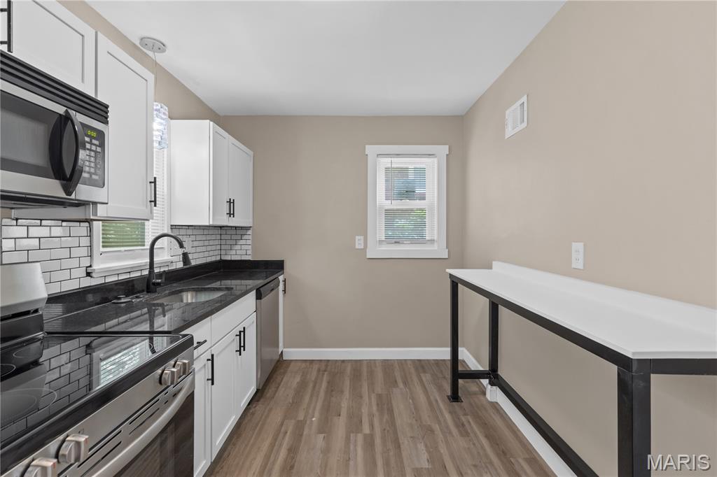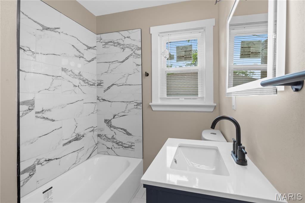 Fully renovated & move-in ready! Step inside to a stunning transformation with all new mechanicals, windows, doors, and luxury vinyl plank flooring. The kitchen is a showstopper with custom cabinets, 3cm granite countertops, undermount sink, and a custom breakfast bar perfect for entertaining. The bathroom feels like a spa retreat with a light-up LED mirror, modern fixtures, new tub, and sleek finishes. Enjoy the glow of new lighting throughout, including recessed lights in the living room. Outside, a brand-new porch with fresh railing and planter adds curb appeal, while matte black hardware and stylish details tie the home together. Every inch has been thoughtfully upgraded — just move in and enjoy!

★ ★ ★

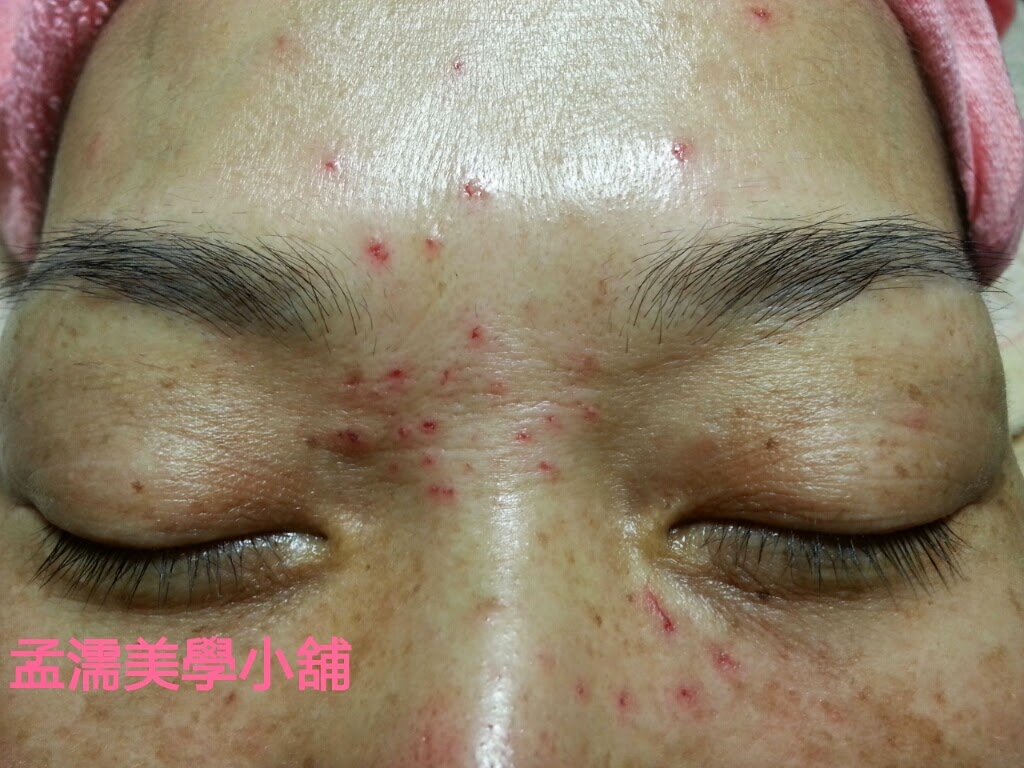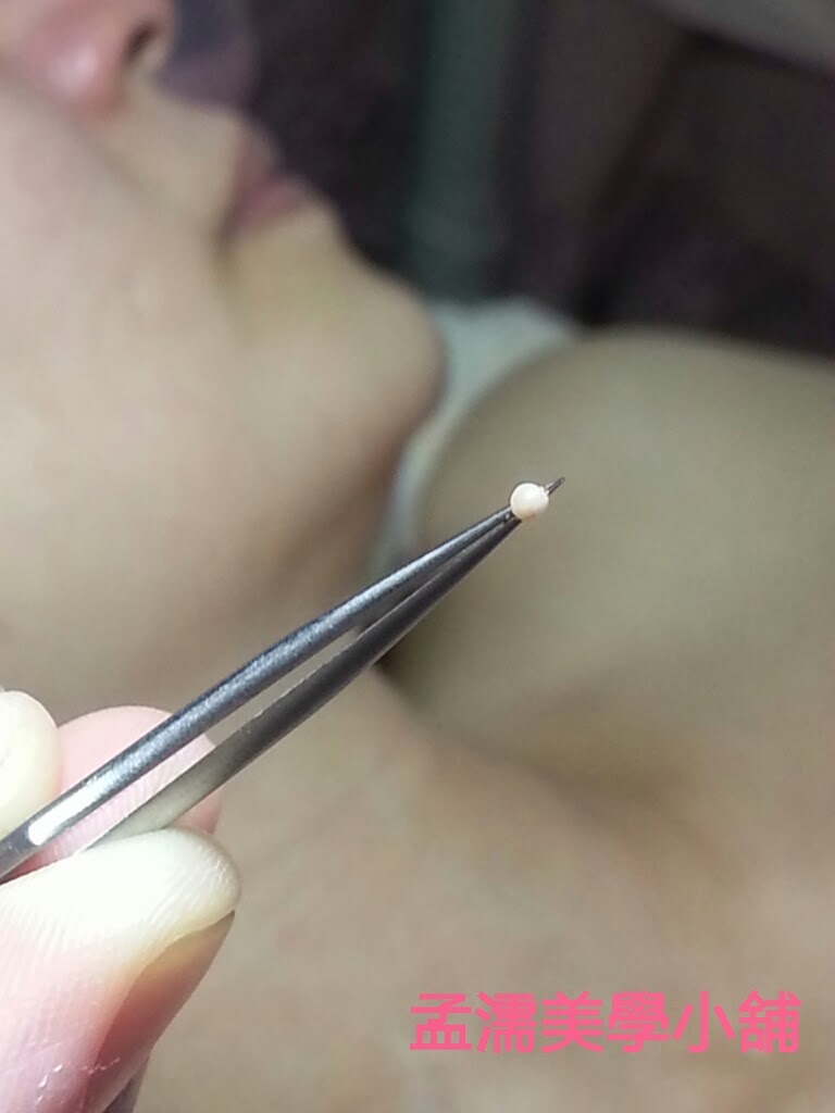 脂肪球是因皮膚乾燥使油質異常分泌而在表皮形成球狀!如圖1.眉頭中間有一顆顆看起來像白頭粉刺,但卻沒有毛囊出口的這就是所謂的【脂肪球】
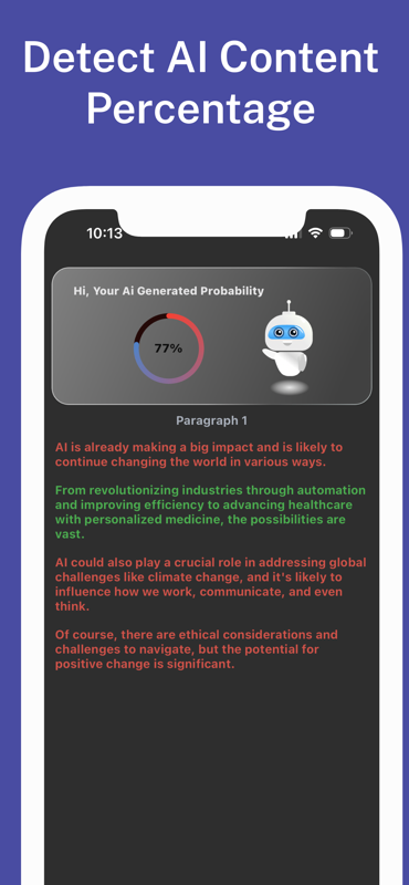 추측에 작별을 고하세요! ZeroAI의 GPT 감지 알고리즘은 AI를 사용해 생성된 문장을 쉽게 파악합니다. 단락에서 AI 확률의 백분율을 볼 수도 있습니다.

★ ★ ★

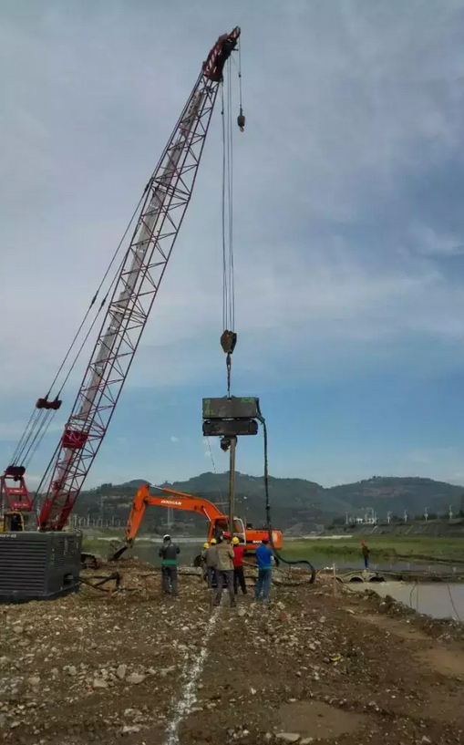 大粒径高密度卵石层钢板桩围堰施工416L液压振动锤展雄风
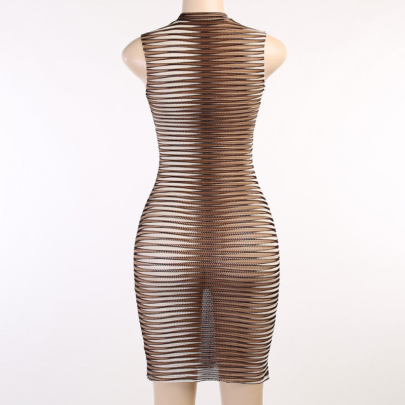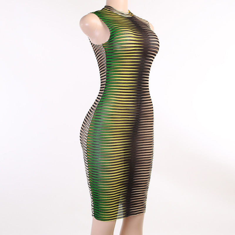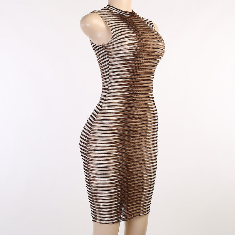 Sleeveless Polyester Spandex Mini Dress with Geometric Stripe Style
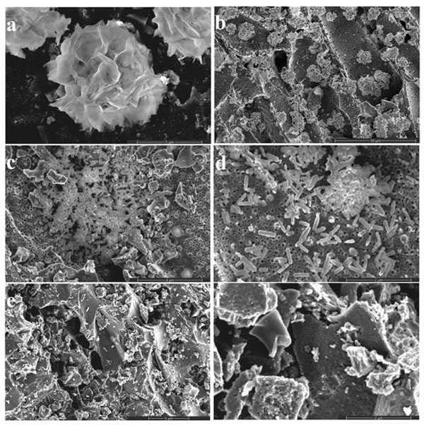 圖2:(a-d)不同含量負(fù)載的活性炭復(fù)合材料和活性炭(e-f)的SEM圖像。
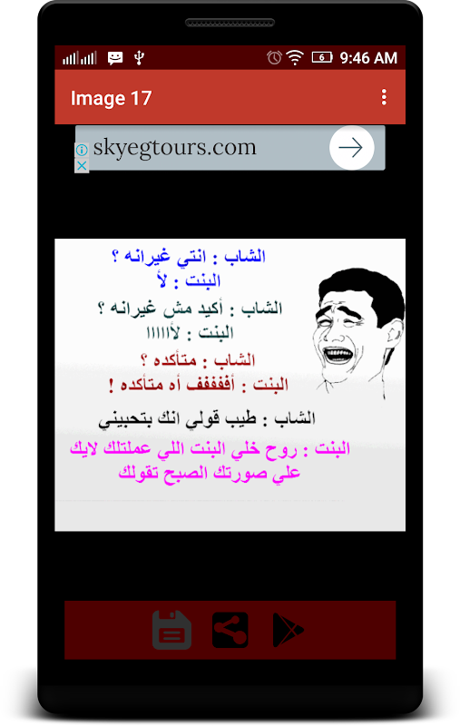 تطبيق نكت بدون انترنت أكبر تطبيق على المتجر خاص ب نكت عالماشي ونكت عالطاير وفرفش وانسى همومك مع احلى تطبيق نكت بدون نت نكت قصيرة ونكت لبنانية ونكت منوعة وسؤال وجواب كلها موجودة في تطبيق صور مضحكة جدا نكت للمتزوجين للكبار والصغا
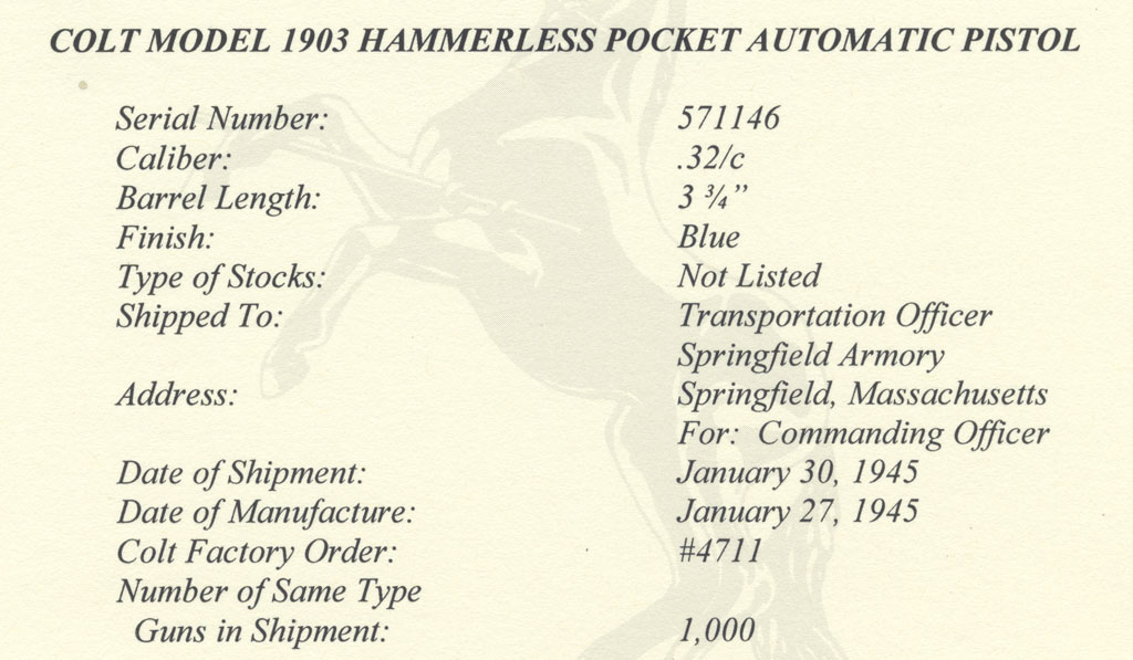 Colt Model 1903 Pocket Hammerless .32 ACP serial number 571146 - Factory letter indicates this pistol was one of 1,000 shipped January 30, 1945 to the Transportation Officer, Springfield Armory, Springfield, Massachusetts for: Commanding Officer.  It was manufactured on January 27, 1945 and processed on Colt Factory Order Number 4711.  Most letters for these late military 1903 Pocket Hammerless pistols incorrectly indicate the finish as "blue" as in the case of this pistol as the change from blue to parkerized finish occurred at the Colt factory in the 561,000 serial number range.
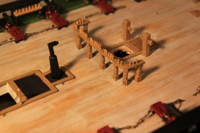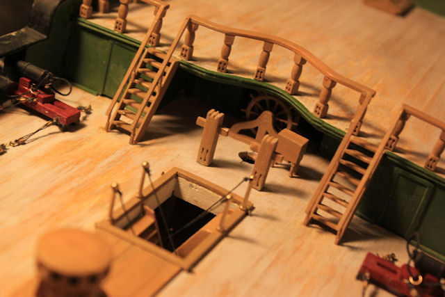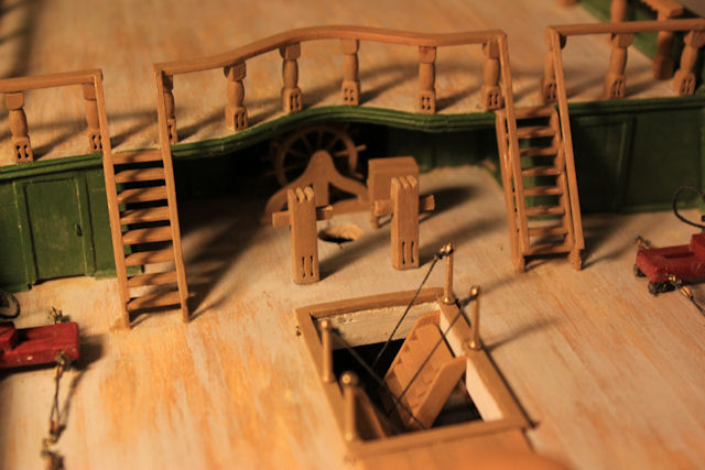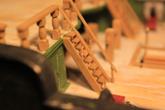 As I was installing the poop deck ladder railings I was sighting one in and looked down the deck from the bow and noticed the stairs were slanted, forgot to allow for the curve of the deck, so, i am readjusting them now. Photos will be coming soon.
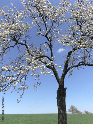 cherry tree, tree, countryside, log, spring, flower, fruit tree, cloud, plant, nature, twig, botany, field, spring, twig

★ ★ ★

▶ _Work instruction_: Reproduce word for word, with pictures dropped, only the part of the material above that opens with the line containing "Colt Model 1903" and closes with the line containing "cherry tree, tree, countryside, log, spring, flower, fruit".

▶ _Output for this exercise_:
 Colt Model 1903 Pocket Hammerless .32 ACP serial number 571146 - Factory letter indicates this pistol was one of 1,000 shipped January 30, 1945 to the Transportation Officer, Springfield Armory, Springfield, Massachusetts for: Commanding Officer.  It was manufactured on January 27, 1945 and processed on Colt Factory Order Number 4711.  Most letters for these late military 1903 Pocket Hammerless pistols incorrectly indicate the finish as "blue" as in the case of this pistol as the change from blue to parkerized finish occurred at the Colt factory in the 561,000 serial number range.
 As I was installing the poop deck ladder railings I was sighting one in and looked down the deck from the bow and noticed the stairs were slanted, forgot to allow for the curve of the deck, so, i am readjusting them now. Photos will be coming soon.
 cherry tree, tree, countryside, log, spring, flower, fruit tree, cloud, plant, nature, twig, botany, field, spring, twig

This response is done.